Bone is one of the most common and earlier site of metastases from non-small cell lung cancer (NSCLC), occurring in about 10% - 35% of cases during the course of disease.The current standard of care for patients with symptomatic bone metastases is a low total dose of radiation delivered with conventional external beam RT. The aim of this retrospective analysis is to explore whether SBRT could improve the local control and the complete response rate for pain compared with conventional external beam RT in oligometastatic bone NSCLC.

Material and Methods

Patients with histologically confirmed NSCLC and oligometastatic disease (number of metastases ≤ 5), painful bone metastases (according to the Numerical Rating Scale [NRS]), Karnofsky Performance Status scores ≥80 and treated with SBRT vs 3D-CRT between January 2015 and December 2020 with a minimum follow-up of 3 months were included in the study. The primary endpoint was local control measured by radiological and clinical response. Secondary endpoints included complete clinical response rates for pain, QoL and adverse events (including rates or fracture).

Results

A total of 122 patients met the inclusion criteria either in 3D-CRT group (n=59), SBRT group (n=62) or both (n=1). Seventy percent of the patients presented a number of lesions < 3, in 50 patients (41%) all lesions were treated. Median total dose over all treatment techniques was 24 Gy (IQR 20-25) in a median number of fraction of 5. Clinical characteristics of the patients and clinical and radiological rate of response are summarize in Table 1.
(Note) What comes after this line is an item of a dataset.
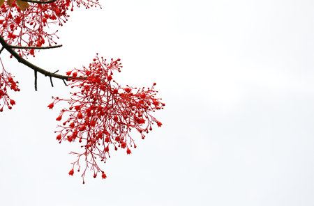 Bastard Teak or Flame of the Forest flower with flare light, soft focus on white background.

After a median follow-up of 3 months, treatment with SBRT lowers the risk of disease progression by 75% (OR=0.25, CI 95% (0.05-0.90)). However there appears to be no significant association between technique and radiological response at multivariate analysis (p= .07).
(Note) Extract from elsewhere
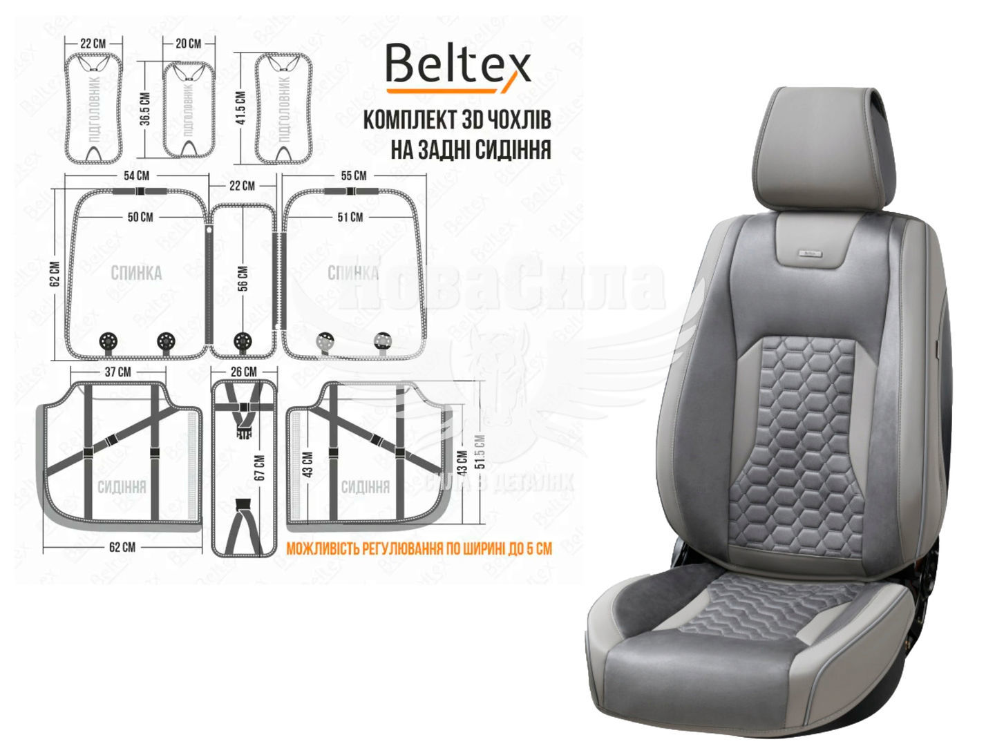 Чохли на сидіння (Beltex) 3D перед.+зад. Montana (к-т.-4шт.) сірі

For patients with a number of metastases ≥ 3 (30%), SBRT treatment lowers the risk of disease progression by 88% (p= .01). In addition, those who have a total number of lesions ≥3 have a 1.9 times higher risk of disease progression (OR=2.91 (0.83-10.59)).

A significant association between technique and clinical response was observed (p =.02). In fact, 34% of patients (n=22) in SBRT group showed complete clinical response in comparison to 15% (n=15) in 3D-CRT group. Furthermore, there association between BED and clinical response was registered (p= .04). Independently from the adopted technique, a pain response was observed (p= .0005) (Figure 1). Adverse events frequency, including fracture rate, in both SBRT and conventional treatment group was not significant.



Conclusion

SBRT is superior to conventional RT in terms of pain control and local disease control. It is important to notice that accurate and uniform radiological assessment is complicated in retrospective setting. SBRT could represent the standard of care for oligometastatic patients with good performance status and a longer life expectancy.